- Ak-Shyrak Massif Location within Kyrgyzstan

Highest point
- Peak: unnamed peak
- Elevation: 5,100 m (16,700 ft)
- Coordinates: 41°53′36″N 78°25′57″E﻿ / ﻿41.89333°N 78.43250°E

Dimensions
- Length: 60 km (37 mi)
- Width: 28 km (17 mi)

Naming
- Native name: Ак-Шыйрак тоо тоому (Kyrgyz)

Geography
- Country: Kyrgyzstan
- Region(s): Central and Inner Tien Shan

Geology
- Orogeny: Alpine orogeny
- Rock age(s): Proterozoic; Silurian–Carboniferous; uplift during Neogene–Quaternary
- Rock type(s): Sedimentary and effusive rocks; plagiogranite, syenite-diorite, gabbro-diabase, nepheline syenite, tourmaline-bearing granite

= Ak-Shyrak Massif =

The Ak-Shyrak Massif (Ак-Шыйрак тоо тоому) is a major high-mountain massif located in the Central Tien-Shan of Kyrgyzstan. It is bounded by the Saryjaz Valley to the east and by the upper reaches of the Naryn River to the west. The massif extends from the southwest toward the northeast for approximately 60 km, with a maximum width of 28 km.

The massif has an average elevation of about 4720 m, while its highest point reaches 5100 m, located at the headwaters of a right tributary of the Jamansu River.

== Topography ==
The Ak-Shyrak Massif is characterized by extremely high absolute elevations and a strongly dissected alpine relief. The massif consists of three main ridges: the northern ridge (Sarychat, Eertash, Maitör), the central ridge (Kyzyleshme), and the southern ridge (Uchköl). The eastern parts of these ridges merge into a single high mountain node.

Ridge crests reach elevations of 4500 to 5000 m, while the upper sections of valleys lie at 4000 to 4500 m. The northern and southern foothills are marked by major tectonic faults.

== Geology ==
The massif is composed predominantly of sedimentary and effusive rocks of Proterozoic, Silurian, Devonian, and Carboniferous age. Intermontane depressions and river valleys contain Paleogene–Neogene red-colored sedimentary rocks, as well as Quaternary alluvial and glacial deposits.

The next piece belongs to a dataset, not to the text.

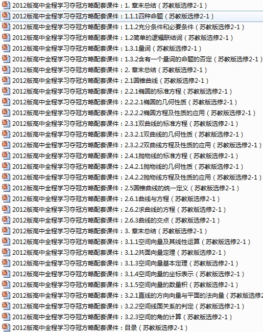 [打包下载]2012版高中全程学习夺冠方略配套课件(苏教版选修2-1)

Intrusive rocks are widespread and include plagiogranite, syenite–diorite, gabbro-diabase, nepheline syenite, and tourmaline-bearing granites. Structurally, the massif represents a complex uplifted block formed during the Neogene–Quaternary phase of the Alpine orogeny.

== Glaciers ==
The Ak-Shyrak Massif is one of the most heavily glaciated regions of the Tien-Shan. It contains 131 glaciers with a total area of approximately 432 km2. Major glaciers include the Petrov Glacier, Davydov Glacier, Council of People's Commissars Glacier, and Kumtor Glacier.

The Petrov Glacier, the largest in the massif, gives rise to the Naryn River. Valley glaciers typically reach lengths of 10 to 20 km.

== Landscapes ==
At elevations of 3500 to 4000 m, alpine meadow landscapes dominate. Higher elevations are characterized by glacial–nival landscapes, extensive moraines, and gravel deposits formed by retreating mountain glaciers.

Lower slopes and valley floors contain sparse high-altitude grasslands, while permanent snow and ice prevail above 4000 m.

== Mineral resources ==
The Ak-Shyrak Massif is rich in mineral resources. Gold and tin deposits are of industrial importance. The Kumtor gold deposit, one of the largest in Central Asia, is located on the northwestern foothills of the massif.